We've reached the end of our first month of the yearlong Supporting Actress retrospective, honoring the 365 movies that have yielded nominations in that category's first 80 years. (This year's AMPAS voters, whatever their other foibles, at least complied with my schema and furnished nominees from five separate films, which keeps my math on track.) I hope you've had fun reading along, if you have been.  You can click the image to the left and visit the Calendar for more on each nominated movie, plus a few individual performance reviews.

So, who are your five favorite nominees from this early batch? And, separate question, what are your five favorites among the films? My own all-star team of performances from this batch probably entails Judith Anderson for Rebecca, Fay Bainter for Jezebel, Jane Darwell for The Grapes of Wrath, Agnes Moorehead for The Magnificent Ambersons, and Barbara O'Neil for All This, and Heaven Too, with apologies to close runner-up Patricia Collinge for The Little Foxes. If we're talking actual movies, my cream of the crop encompasses Dead End, Dodsworth, Gone with the Wind, The Magnificent Ambersons, and The Philadelphia Story, though it stings to leave out Grapes, Rebecca, and Stage Door, especially.

What are your thoughts, dear reader? And—one more question—are there supporting performances by women from 1936-1942 that you especially wish had appeared on Oscar's ballot?

Lastly, do consider following along with the Supporting Actress films for February, already posted. The beauty of this feature is that you can already see what film will be up for review on the site and on Twitter for any given day. I'd love to hear other voices on the same movies. I know you're out there, you opinionated queens. Four of February's performances are first-time viewings for me: Paulette Goddard in So Proudly We Hail (1943), Lucile Watson in Watch on the Rhine (1943), and two winners, Ethel Barrymore in None But the Lonely Heart (1944) and Anne Baxter in The Razor's Edge (1946). Beyond my curiosity about these four, I'm especially keen to revisit The Song of Bernadette (1943), which I saw once, ages ago. I wish I remembered Crossfire (1947) more clearly.
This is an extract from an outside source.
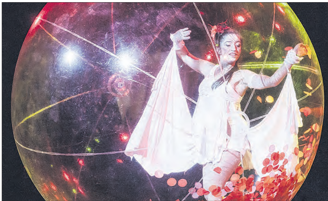
Ebenfalls mit von der Partie: „Spheric Emotion“.

Die Ausrichtung einer solchen Mammutveranstaltung, laut Bargmann „ein Leuchtturmprojekt für die Region“, ist eine besondere Herausforderung für den Schneverdingener Verein, sind doch für die 20 Spielorte im Park Bühnen zu organisieren sowie auf- und abzubauen, unzählige Meter Kabel zu verlegen, Künstler zu buchen und während der Veranstaltung zu betreuen, professionelle Licht- und Tontechnik zur Verfügung zu stellen, Eintrittsbuttons und Getränke zu verkaufen. All dies sei nur möglich, weil sich mehr als 200 freiwillige Helferinnen und Helfer engagierten, betonte Bargmann am vergangenen Donnerstag. Aber auch ohne finanzielle Unterstützung durch Sponsoren könnte eine solche Großveranstaltung nicht auf die Beine gestellt werden. Die Kosten deckt der Kulturverein zu einem Drittel aus Sponsorengeldern, einem Drittel aus dem Verkauf von Getränken und zu einem Drittel aus den Eintrittsgeldern. Umso mehr freut sich der Verein über eine Finanzspritze von der Kreissparkasse (KSK) Soltau, die die Veranstaltung mit 2.400 Euro unterstützt. „Der Kulturverein Schneverdingen mit seinem rund 1.000 Mitgliedern ist ein Verein mit einem hohen ehrenamtlichen Engagement - und das ist für uns ausschlaggebend“, unterstrich Timo Balke, Geschäftsstellenleiter der Schneverdingener KSK-Filiale. Mit der Kulturnacht habe der Verein eine Veranstaltung ins Leben gerufen, die auch unter touristischen Aspekten für die Region von Bedeutung sei. „Und das, was der Kulturverein ankündigt, setzt er

Two famous films that I didn't love the first and only times I saw them, Mildred Pierce (1945) and Key Largo (1948), are also ripe for reassessment.  And somehow, we'll all get through the mid-40s fad for nominating ethnically inappropriate performances: Aline MacMahon's "Chinese" peasant in Dragon Seed (1944), though she at least applies a soft touch; Gale Sondergaard's member of the palace in Anna and the King of Siam (1946); and, easily worst of all, Flora Robson's blackface part in Saratoga Trunk (1945, but nominated in 1946). Jesus, keep me close to the cross.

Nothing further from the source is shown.